I couldn't be myself yesterday. I was lying awake at 3 am trying to make sense of the pushing and pulling I felt while my brother's wife made hints at how we weren't ready for a move. There are two of you now, she reminded me. (Which is a hell of a lot better than three?) I don't really know what she meant, except that I might be rushing into this. For the last 2 years. Sending dozens of resumes and reaching out to the masses who would receive me with open arms. I tried to explain that I'm not as naive as it seems. The loss of Zoe's weekend visits with her dad is literally the least of my concerns. She'll be surrounded by dads and brothers and grandpas of the highest quality. Not to mention she'll have her mom available (hopefully) more often. And mountains. And peace. Sometimes it feels like I've never had the chance to be in charge. And that's what drives me more than anything. Too many people meddling and telling me how to do shit.

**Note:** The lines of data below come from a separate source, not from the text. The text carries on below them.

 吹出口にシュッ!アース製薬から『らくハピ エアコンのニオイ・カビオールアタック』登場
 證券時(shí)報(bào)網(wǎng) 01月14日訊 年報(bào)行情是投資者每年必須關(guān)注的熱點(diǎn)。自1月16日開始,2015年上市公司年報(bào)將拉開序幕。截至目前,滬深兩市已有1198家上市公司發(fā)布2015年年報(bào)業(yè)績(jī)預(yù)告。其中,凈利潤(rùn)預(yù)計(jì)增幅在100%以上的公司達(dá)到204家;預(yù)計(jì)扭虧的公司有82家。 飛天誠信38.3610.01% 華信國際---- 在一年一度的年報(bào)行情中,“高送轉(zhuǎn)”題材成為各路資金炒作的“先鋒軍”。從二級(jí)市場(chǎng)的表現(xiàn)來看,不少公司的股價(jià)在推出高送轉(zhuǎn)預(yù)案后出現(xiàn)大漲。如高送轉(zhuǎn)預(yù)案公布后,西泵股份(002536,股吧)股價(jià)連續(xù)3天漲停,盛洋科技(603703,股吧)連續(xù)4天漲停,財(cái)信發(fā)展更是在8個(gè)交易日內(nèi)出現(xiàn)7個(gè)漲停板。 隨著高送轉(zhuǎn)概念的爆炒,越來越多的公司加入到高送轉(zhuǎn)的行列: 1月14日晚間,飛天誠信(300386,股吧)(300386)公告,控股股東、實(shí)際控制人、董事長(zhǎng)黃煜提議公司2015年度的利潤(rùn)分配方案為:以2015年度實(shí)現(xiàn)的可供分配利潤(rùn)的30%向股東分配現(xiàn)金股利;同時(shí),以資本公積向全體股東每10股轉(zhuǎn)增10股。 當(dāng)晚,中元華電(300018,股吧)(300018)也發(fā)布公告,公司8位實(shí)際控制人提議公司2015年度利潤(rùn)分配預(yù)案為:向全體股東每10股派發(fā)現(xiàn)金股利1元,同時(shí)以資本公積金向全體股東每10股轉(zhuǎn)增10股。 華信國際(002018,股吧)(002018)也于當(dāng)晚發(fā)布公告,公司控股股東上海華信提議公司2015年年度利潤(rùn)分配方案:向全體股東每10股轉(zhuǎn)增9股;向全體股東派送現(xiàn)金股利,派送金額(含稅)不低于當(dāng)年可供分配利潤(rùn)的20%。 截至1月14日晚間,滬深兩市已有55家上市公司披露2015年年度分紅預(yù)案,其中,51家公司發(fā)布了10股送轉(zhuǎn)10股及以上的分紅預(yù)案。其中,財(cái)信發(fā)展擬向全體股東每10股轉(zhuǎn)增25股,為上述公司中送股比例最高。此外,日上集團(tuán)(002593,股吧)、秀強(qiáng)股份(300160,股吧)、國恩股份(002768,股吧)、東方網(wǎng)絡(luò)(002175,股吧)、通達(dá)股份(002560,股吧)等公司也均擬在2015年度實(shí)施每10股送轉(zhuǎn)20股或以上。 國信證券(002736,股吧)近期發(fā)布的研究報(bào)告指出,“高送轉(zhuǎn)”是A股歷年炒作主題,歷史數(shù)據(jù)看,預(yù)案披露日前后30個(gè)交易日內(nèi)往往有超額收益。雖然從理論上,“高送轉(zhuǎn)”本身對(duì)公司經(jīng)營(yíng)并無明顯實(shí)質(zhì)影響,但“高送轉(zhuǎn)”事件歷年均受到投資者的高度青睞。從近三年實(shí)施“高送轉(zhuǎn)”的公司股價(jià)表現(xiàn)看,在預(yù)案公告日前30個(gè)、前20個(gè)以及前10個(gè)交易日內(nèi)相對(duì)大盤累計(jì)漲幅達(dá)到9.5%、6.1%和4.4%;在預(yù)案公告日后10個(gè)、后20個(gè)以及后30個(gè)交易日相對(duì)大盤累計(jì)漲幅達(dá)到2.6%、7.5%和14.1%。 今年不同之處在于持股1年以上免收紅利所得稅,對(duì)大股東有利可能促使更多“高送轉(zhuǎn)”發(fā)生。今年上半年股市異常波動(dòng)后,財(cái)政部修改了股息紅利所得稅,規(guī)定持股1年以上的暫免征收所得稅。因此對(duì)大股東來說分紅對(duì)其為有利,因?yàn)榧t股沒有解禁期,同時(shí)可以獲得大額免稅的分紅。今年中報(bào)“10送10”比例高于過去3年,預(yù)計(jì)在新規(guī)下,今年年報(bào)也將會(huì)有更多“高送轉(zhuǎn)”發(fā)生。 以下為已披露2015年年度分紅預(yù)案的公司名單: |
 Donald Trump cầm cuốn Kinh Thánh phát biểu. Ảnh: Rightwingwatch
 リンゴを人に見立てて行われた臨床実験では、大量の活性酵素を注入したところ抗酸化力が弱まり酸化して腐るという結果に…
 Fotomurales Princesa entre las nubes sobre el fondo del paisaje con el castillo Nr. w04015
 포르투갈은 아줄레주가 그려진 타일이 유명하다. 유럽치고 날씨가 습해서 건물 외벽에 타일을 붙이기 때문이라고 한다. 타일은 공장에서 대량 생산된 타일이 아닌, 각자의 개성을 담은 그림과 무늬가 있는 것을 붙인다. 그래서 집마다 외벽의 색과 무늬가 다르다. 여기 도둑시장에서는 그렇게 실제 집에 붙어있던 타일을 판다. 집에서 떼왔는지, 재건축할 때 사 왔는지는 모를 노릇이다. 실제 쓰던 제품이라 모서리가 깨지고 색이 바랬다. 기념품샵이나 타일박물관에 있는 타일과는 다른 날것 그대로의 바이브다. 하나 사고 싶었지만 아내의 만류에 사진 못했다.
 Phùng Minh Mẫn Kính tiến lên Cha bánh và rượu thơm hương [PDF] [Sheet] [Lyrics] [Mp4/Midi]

And then Michael brought my bike back. Seeking closure, seeking a clean break and last wishes of good luck. Acting like a plastic fake-smiling version of himself. Hints that he would like to pick up and leave too, but reassurance that soon he'll move to the city where he always wanted to be. Maybe a different city. He wanted me to know he wouldn't miss me when he gets where he's going.
I'm in here, my spirit is alive whether I'm wanted or missed or forgotten entirely. It craves the sunlight and magnetic energy of a mountain range, the electricity of others feeding on that sweet air. It just feels like it's been slain, pruned and excised from the family garden. Perhaps I was not a native species after all, I might have always belonged somewhere else. I thrived for a time, but conditions are no longer ideal and I'm withering here.
If I stay here, trouble will find me.